When we speak of gender taboos in the USA, Latin@, or Latin American culture, or taboos within any one of our cultures in general, let us not, as academicians, assume a lily white and pristine innocence because of an M.A. or Ph.D. after our names. The "P" in Ph.D. may well stand for "prejudice." Let us address the taboos that are "ours" and which are more harmful in real ways and practical ways than those of Jesse Helms. Jesse Helms can be fought openly through ballots, political campaigns, and organized movements of opposition. He is open about his taboos. But the taboos engendered in our men, in our women, as Latin@ or Latin American academicians or scholars of any Minority group do us far more harm on a daily basis as Latina Lesbian writers and academicians.
I want to suggest to the readers that taboos are not something foreign to "intellectuals" reading this piece or attending the MLA. On the contrary, the taboos within academia are probably more harmful to Lesbian women than those associated with mountaineer men in Kentucky or low class white "Americans."
I do not wish anyone to think that I am a saint and that people project on me their insecurities and that is how I deal with life. But, unlike some of these people, I have spent countless hours in introspection, alone and in therapy. I am very happy with who I am, but that took years of pain, suicidal thoughts, tears, panic attacks, and insecurities to develop. I have dealt with many of my problems as a Lesbian, as an abused child, and as an anorexic teenager. I am, indeed, not perfect, but I am happy with who I am. And, if maintaining my happiness and the happiness I can bring to others through my voice and writings means that I will be the object of persecution, banned, ignored and left out, I am willing to pay that price.
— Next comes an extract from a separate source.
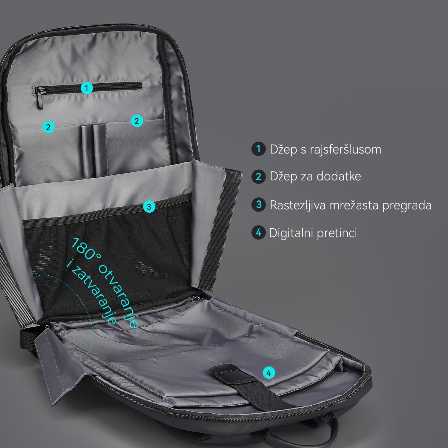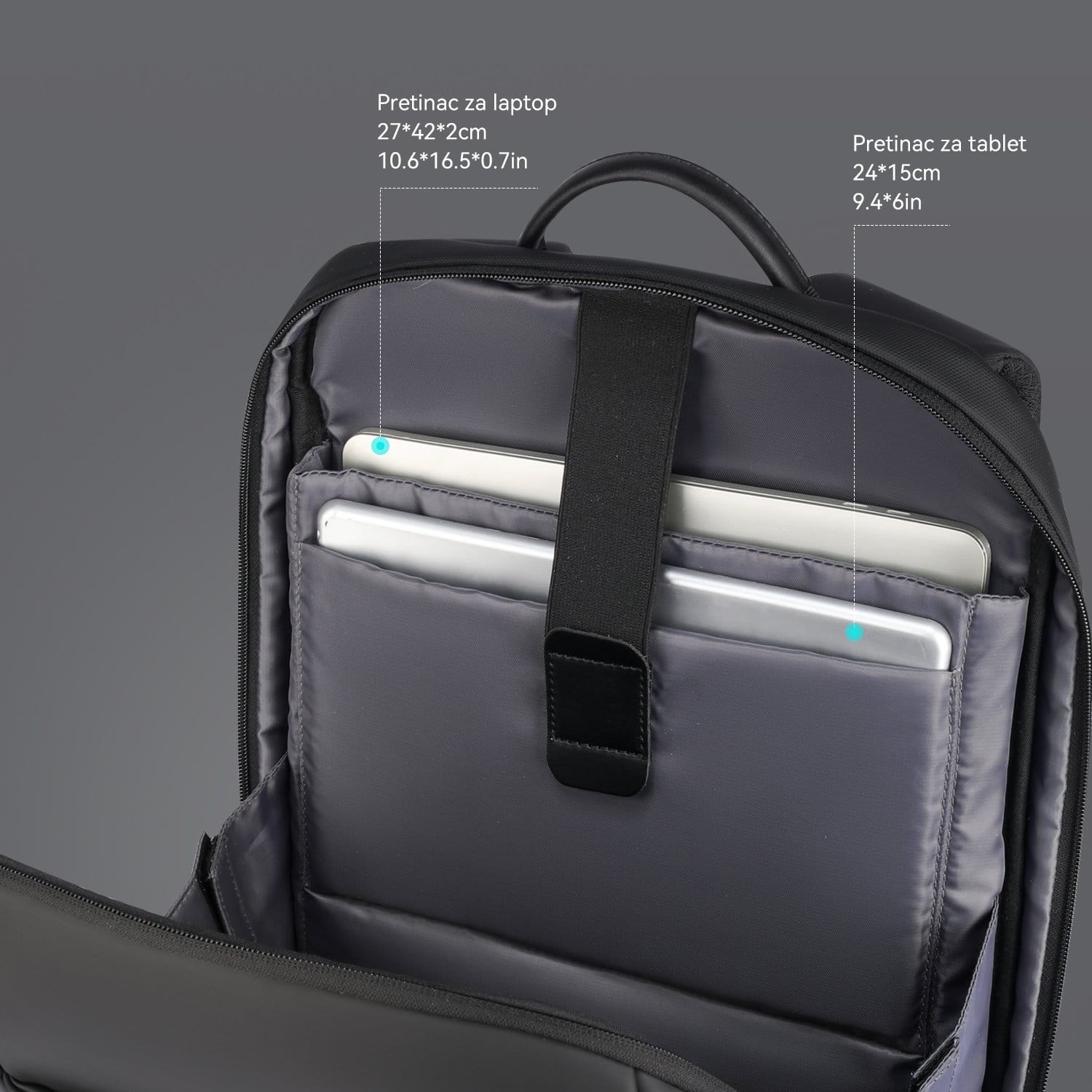 • Odvojena pregrada za tablet

Listening to or reading about Lesbian writers and their works does not make anyone of us less fearful of taboos, crossing gender lines or trespassing male/female hierarchies. On the contrary, I have felt more acceptance of my voice, writings and Self while working in jails for youths, cultural centers in barrios, or teaching Appalachian university students. Perhaps, in the midst of this essay, we should start questioning ourselves as to whose taboos we are talking about or referring to. I, for one, can say that our taboos in academia have provoked more emotional and career harm to me than those held by what we, as academicians, call the "others"-"theirs"-the street people, the illiterate, the white trash, youths in jails.